Speaker: Susan Dumais, Technical Fellow and Director of the Microsoft Research Labs in New England, New York City and Montréal
Talk Title: The Potential for Personalization in Search
Date: Friday, December 4, 2020 - 1:00 - 2:00 PM EST (North American Eastern Standard Time) via Zoom
Talk Hosted by the CIIR and the Center for Data Science
Zoom Access: Zoom Link and reach out to Alex Taubman for the passcode.
Abstract: Traditionally Web search engines returned the same results to everyone who asks the same question. However, using a single ranking for everyone in every context at every point in time limits how well a search engine can do in providing relevant information. In this talk I present a framework to quantify the "potential for personalization” which is used to characterize the extent to which different people have different intents for the same query. I describe several examples of how different types of contextual features are represented and used to improve search quality for individuals and groups. Finally, I conclude by highlighting important challenges in developing personalized systems at Web scale including privacy, transparency, serendipity, and evaluation.

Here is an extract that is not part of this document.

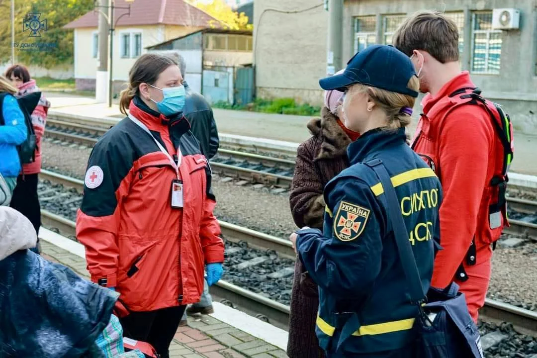 У Тернополі Червоний Хрест України допомагав евакуйованим зійти з потягу та дістатися шелтерів. Це понад 80 внутрішньо переміщених осіб – чоловіків, жінок і дітей із Донеччини, які були змушені покинути рідні домівки через війну.
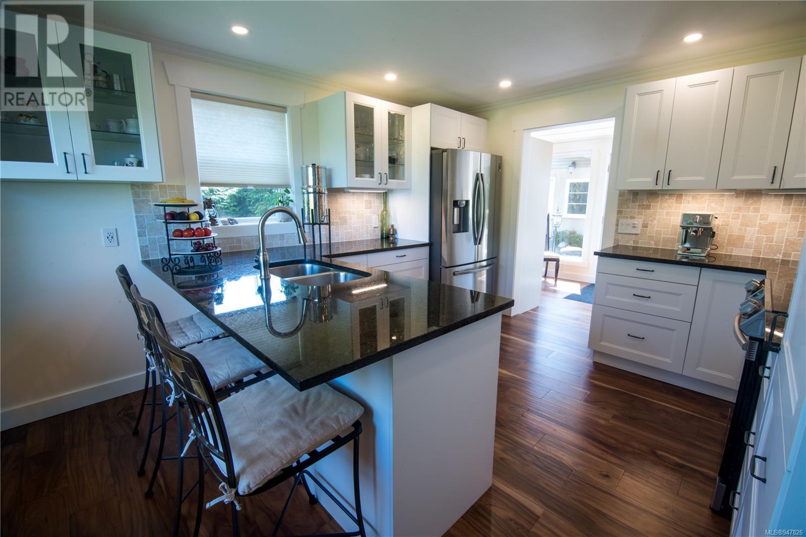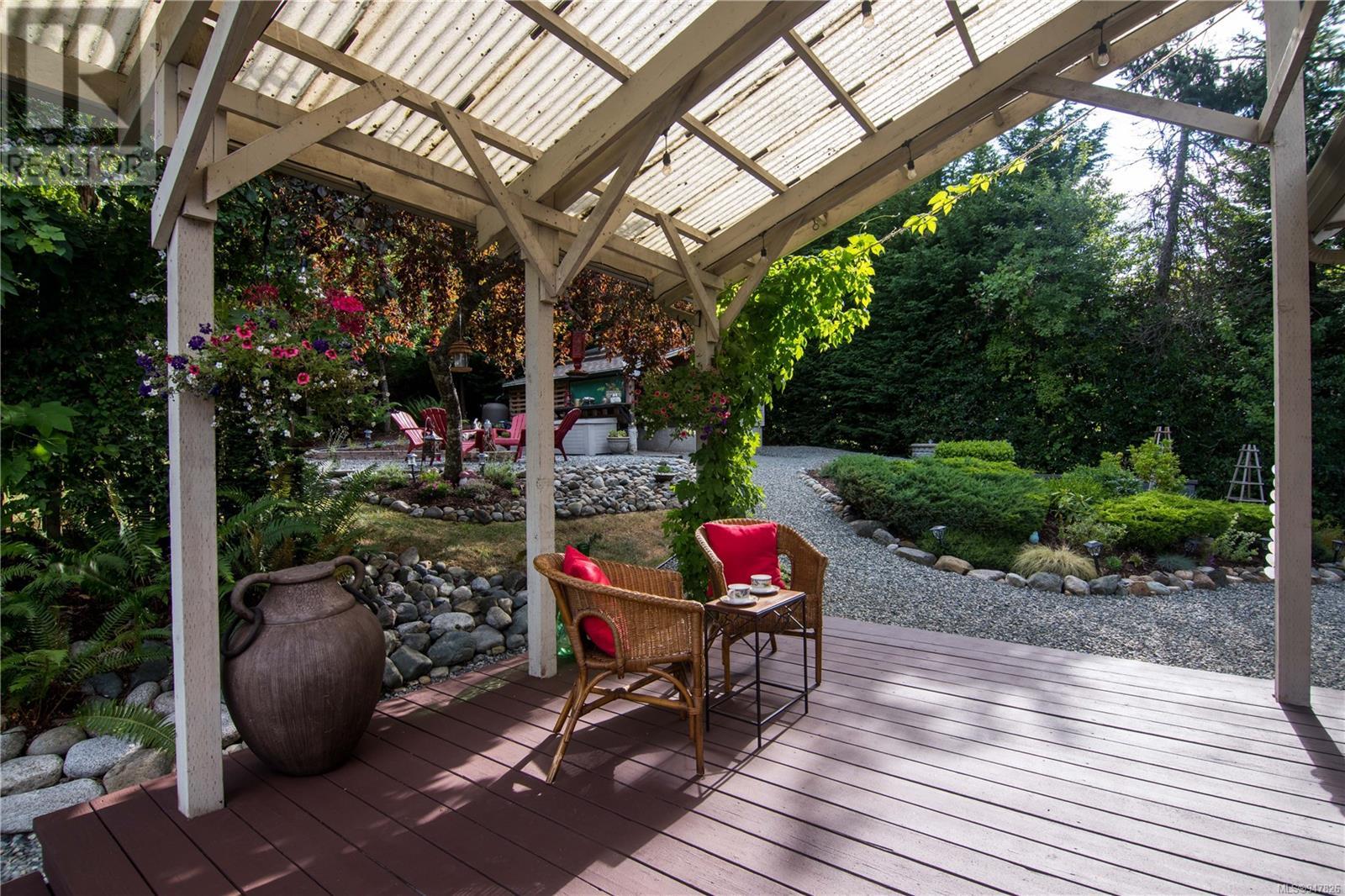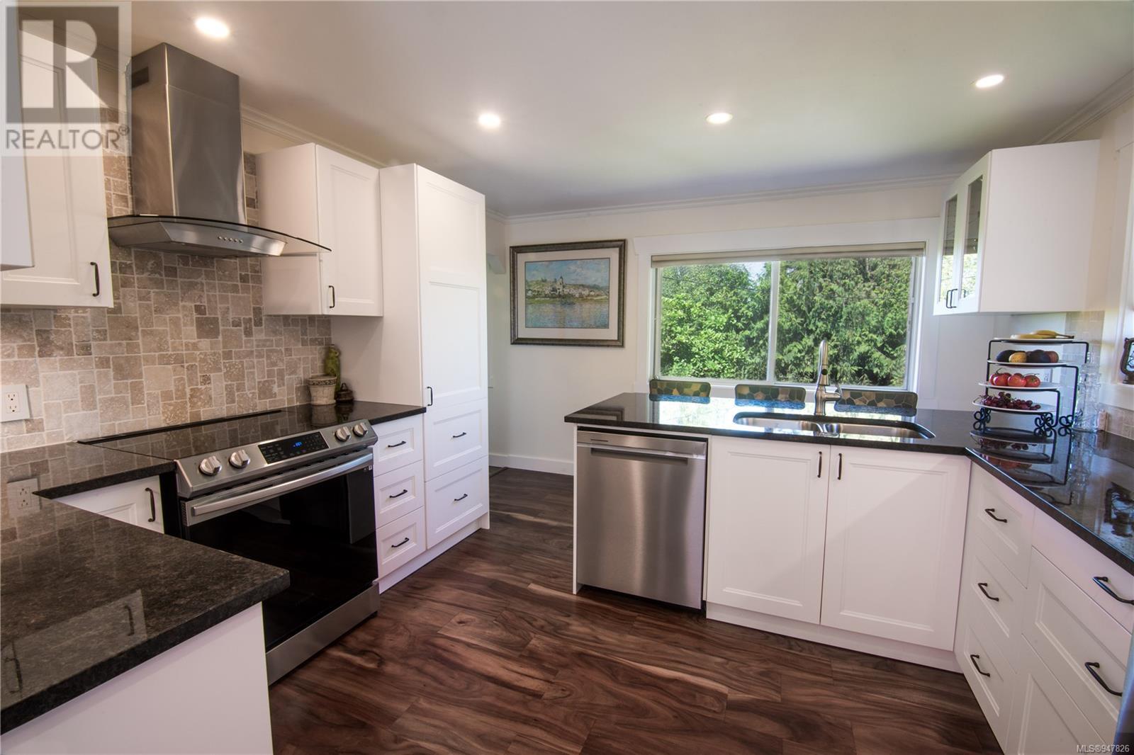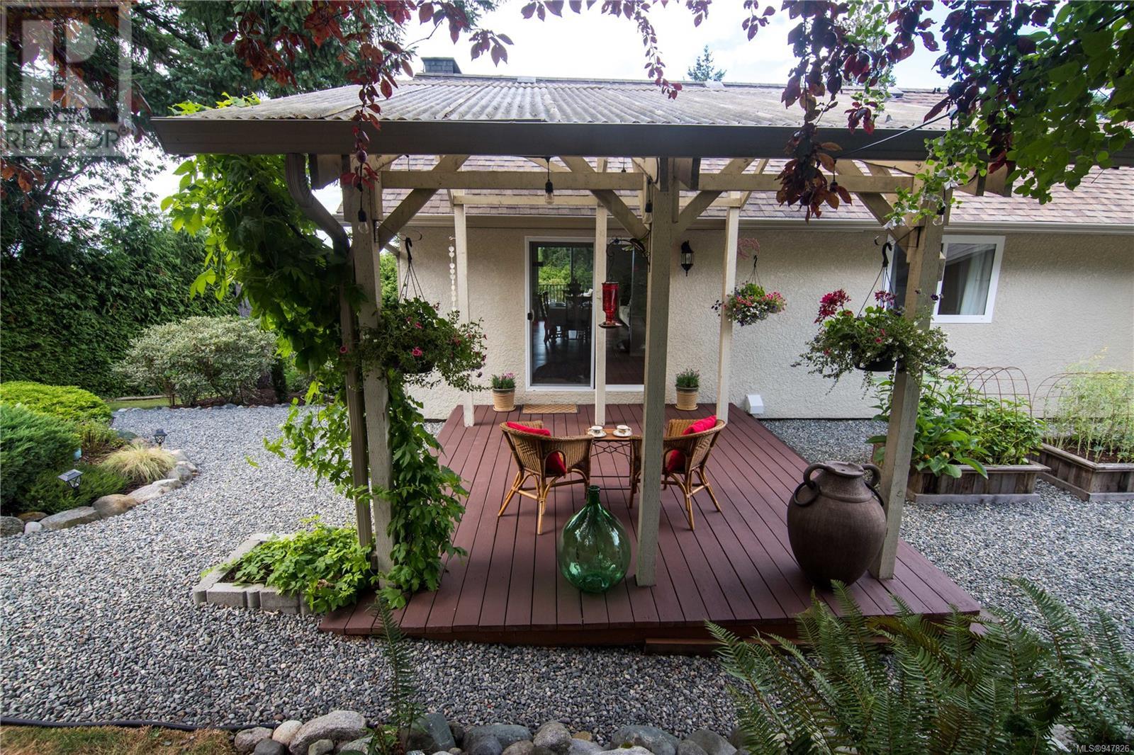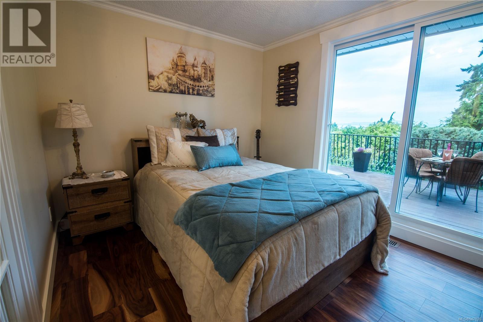 'Turn-key' single-level living with an income suite & shop. Nestled in North Nanaimo, this designer-inspired estate offers modern luxury on a nearly half-acre lot. A gated driveway leads to this private retreat, surrounded by mature trees and manicured gardens. The main floor features hardwood floors, a new kitchen with granite counters, and a spacious lounge/dining area with a stone fireplace. Bedrooms boast custom wardrobes, and sleek bathrooms maximize space with modern finishes. The lower level includes a self-contained suite & includes laundry, and a bright bedroom. Additional highlights include a detached oversized garage (545sqft) & greenhouse (167sqft), detached workshop (100sqft), and ample parking for cars, boats, and RVs. Enjoy panoramic views from expansive decks, creating the perfect space for entertaining or relaxation. This property seamlessly blends old-world charm with modern elegance, offering a warm & inviting atmosphere amidst breathtaking natural surroundings. (id:22211)

Bio: Susan Dumais is a Technical Fellow and Director of the Microsoft Research Labs in New England, New York City and Montréal, and an adjunct professor at the University of Washington. Prior to joining Microsoft, she was a Member of Technical Staff at Bell Labs and Bellcore. Her research is at the intersection of human-computer interaction, information retrieval, and web and data science. A common theme that runs through her work is the importance of understanding and improving information systems from an interdisciplinary and user-centered perspective. She is a co-inventor of Latent Semantic Analysis, a well-known word embedding technique, which was designed to mitigate the disagreement between the words that authors use writing and those that searchers use to find information. Her research spans a wide range of topics in information systems, including email spam filtering, user modeling and personalization, context-aware information systems, temporal dynamics of information, and large-scale behavioral interactions. She has worked closely with several Microsoft product teams (Bing, Windows Search, SharePoint, and Office Help) on search-related innovations, and has published widely in the fields of information retrieval, human-computer interaction, and cognitive science.
She is an ACM Fellow, was elected to the ACM SIGCHI Academy, the National Academy of Engineering (NAE), and the American Academy of Arts and Sciences (AAAS). She received the ACM Athena Lecturer Award for fundamental contributions to computer science, the SIGIR Gerard Salton Award for lifetime achievement in information retrieval, the Tony Kent Strix Award for outstanding contributions to information science, the ACM SIGCHI Research Award for lifetime achievement in human-computer interaction, and the lifetime achievement award from Indiana University Department of Psychological and Brain Science.